Greacen was born of Scots and Irish stock in Derry in 1920 and lived in urban Belfast and rural Monaghan.
A stranger among strangers
I look for my house of birth.
Pulled down years ago.
I show the paper: “I certify . . .”
Ich bin ein Derryman
(From Homecomings)
The origin of his surname was from the Scottish “grieve” — a farm bailiff or overseer. His father’s family came from a poor farming background. Greacen had a tense and troubled relationship with his father, who was an alcoholic and a failed businessman and he was subsequently brought up in the strict Presbyterian tradition by his maternal grandmother and two aunts.
At Methodist College, Belfast, he discovered his gift for writing and developed a strong interest in left-wing politics. Later, at Trinity College, Dublin, he pursued a diploma in social studies.
In Dublin he befriended the writers Patrick Kavanagh and Frank O’Connor and his poems began appearing in magazines such as The Bell. Early collections of his poetry included The Bird (1941), One Recent Evening (1944) and The Undying Day (1948).
Moving to London in 1948 he worked for the United Nations Association and then became a lecturer in adult education. In 1949, at the request of T. S. Eliot, he co-edited the Faber Book of Contemporary Irish Poetry with Valentin Iremonger and also became a regular writer of political articles for Tribune.
Throughout the Fifties and Sixties in London he amassed a considerable body of prose, including critical essays, as well as biographical studies of Noël Coward and C. P. Snow.
It was not until 1975 that he went back to writing poetry full-time, after returning to Dublin, when he published the critically acclaimed A Garland for Captain Fox. Other collections followed — many of them encompassing themes of voyage and exile — including Young Mr Gibbon (1979), A Bright Mask (1985) and Protestant Without a Horse (1997). With his return to Ireland he was nominated for membership of Aosdána, the association of leading Irish writers.
In 1969 he published Even Without Irene, an autobiographical memoir, which he wrote following the death of his wife, the writer Patricia Hutchins. She had written critical books about Ezra Pound and James Joyce. Greacen’s second volume of autobiography, The Sash My Father Wore, appeared in 1987. In the book he revealed that he had used the drug LSD, under psychiatric supervision, in the 1950s as treatment for depression.

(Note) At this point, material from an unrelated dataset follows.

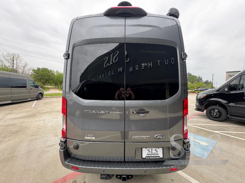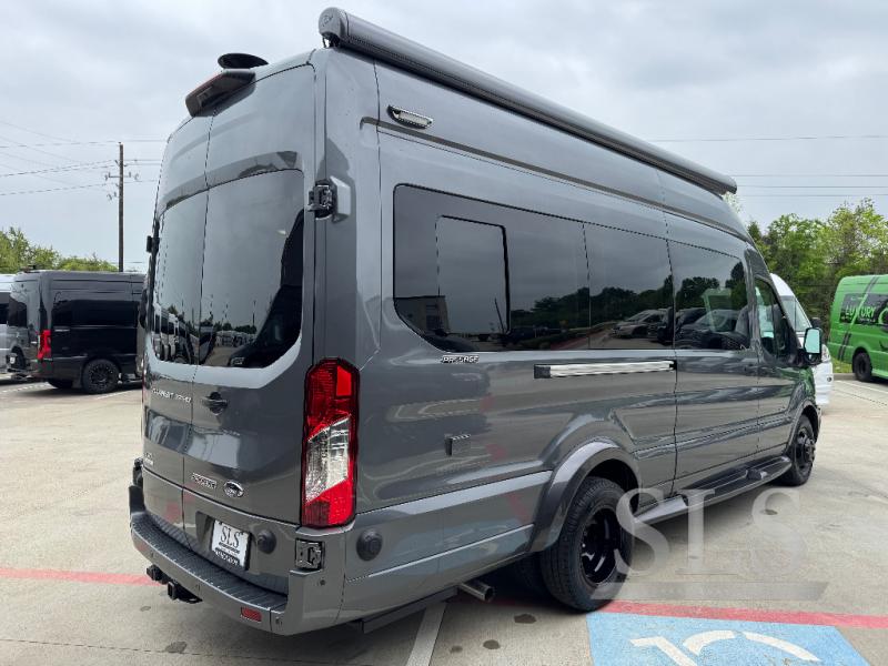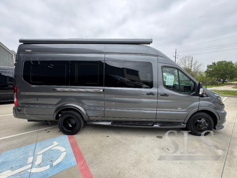 Midwest Automotive Designs Passage Class B gasoline motorhome MD2 Lounge highlights: Rear Lounge Bed, Removable Table, Pantry, Wardrobe, Wet Bath. This Passage Class B gasoline motorhome will have you daydreaming about your next trip with your spouse. Just imagine relaxing on the rear power lounge with your feet up. You might have decided to leave the removable table in the back location to eat a snack made in the galley. Your spouse might be stretching his legs after he turned the swivel captain's chair towards you. There is a wet bath to keep you refreshed and ready for the next day, and the power lounge becomes a sleeping space for two if you decided to skip the hotel stay this trip. You also have the ability to add an optional power drop-down loft bed to this model so that you can have even more comfort and convenience. This model is also built on an extended chassis! Each Passage Class B gasoline motorhome begins with the safety and performance engineering of the Ford Transit and includes luxury and convenience throughout. The Suburban water heater offers instant hot water on demand, the convection microwave and induction cooktop allow you to make meals whenever you like, and the 12 Volt/110 Volt refrigerator allows you to store cold items while traveling. The style and comfort of the hand-stitched leather seating, polished wood veneer cabinets, and solid surface countertops will impress you every time you take to the road. You also have the convenience of technology with a 100-Watt rooftop solar charging system, an HDMI input, and a location prepped for satellite TV and Wi-Fi!

His book Brief Encounters (1991) was a memoir of literary Belfast and Dublin in the 1940s.
In his later years Greacen was lionised by younger Irish writers and honoured by his peers for his achievements. He was a witty and sharp observer of human nature and although essentially a shy and modest man, he enjoyed entertaining old and new friends at his Dublin flat.
“Poetry can help to make sense of life,” he observed recently. “Things often have not turned out as I expected. There were frustrations and disappointments I had not foreseen. At the same time positive things have happened and poetry helps to come to terms with hurts and disappointments.”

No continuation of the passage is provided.